These parameters are exposed in Helm chart values file as configMultisite.*.

Example config:

$ kubectl get opconfig/postgres-operator -o yaml | grep multisite -B1 -A3
  min_instances: -1
  multisite:
    etcd_host: global-etcd-etcd-helm.default.svc.cluster.local
    site: s1
  postgres_pod_resources:

This needs to be repeated with a different site name in the second Kubernetes cluster.

Creating a multisite enabled postgres cluster

If the operator is configured for multisite operation then creating a multisite cluster only needs enabling of the multisite mode.

Here is an example values file to use for creating multisite enabled clusters:

apiVersion: cpo.opensource.cybertec.at/v1
kind: postgresql
metadata:
  name: multisite-cluster
  namespace: cpo
  labels:
    app.kubernetes.io/name: postgres-cluster
    app.kubernetes.io/instance: multisite-cluster 
spec:
  dockerImage: docker.io/cybertecpostgresql/cybertec-pg-container:postgres-multisite-17.4-1
  numberOfInstances: 1
  postgresql:
    version: '17'
  resources:
    limits:
      cpu: 500m
      memory: 500Mi
    requests:
      cpu: 500m
      memory: 500Mi
  teamId: acid
  volume:
    size: 5Gi
  patroni:
    ttl: 30
    loop_wait: 10
    retry_timeout: 10
    multisite:
      enable: true

There is no coordination needed between creating the two or more sites and they can use identical configuration. The clusters need to be in the same namespace and have the same name to be considered the same cluster. The first cluster to boot up will acquire multisite leader status and will bootstrap the database. The other clusters will automatically fetch a copy from the leader cluster and start replicating.
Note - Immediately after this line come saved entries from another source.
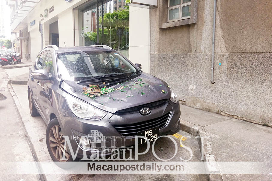 Broken glass is scattered on the bonnet of a car outside Chong Fong Industrial Building in Avenida do Dr. Francisco Vieira Machado yesterday after a box of beer fell from the building. Photo: Iong Tat Choi
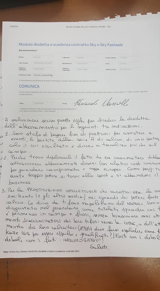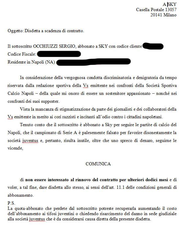 Ma non solo. Si perché da ieri, le pay tv di Mediaset e Sky stanno ricevendo una serie di lettere e mail di disdetta per annullare i propri abbonamenti da parte proprio dei sostenitori partenopei. Un modo di insorgere e difendere la propria squadra, colpendo proprio lì dove fa più male. Al portafogli di chi, tramite i diritti televisivi, resta l’introito maggiore del calcio italiano.
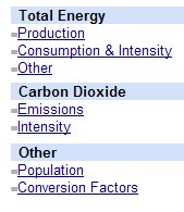 La consommation de charbon, de pétrole et de gaz ne se limite pas à la production d'énergie électrique. Le fichier "sources_co2_04_09.zip" contient en ensemble de données issues du site de l'EIA. Les trois fichiers ci-dessous sont présents dans l'archive décompressée.
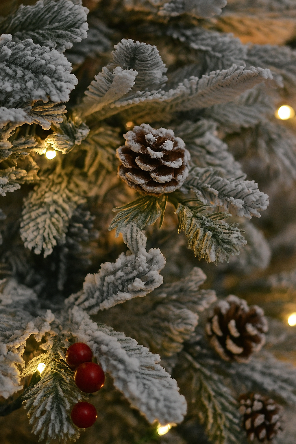 Albero di Natale innevato "Oslo" con pigne e bacche + big led in PE + PVC + Flock

Multisite operation needs that the database cluster are capable of communicating with each other. To do this a load balancer service is created in each cluster for the cluster leader. The operator then waits for an external IP to be assigned and injects it into the database pods to be used for advertising their identity.

Observing operations

If database pods have not been created, the first place to check for information is operator logs. Operator logs can be checked with the following command (add –follow if you want to observe in real-time):

kubectl logs $(kubectl get po -l 'app.kubernetes.io/name=postgres-operator' -o name)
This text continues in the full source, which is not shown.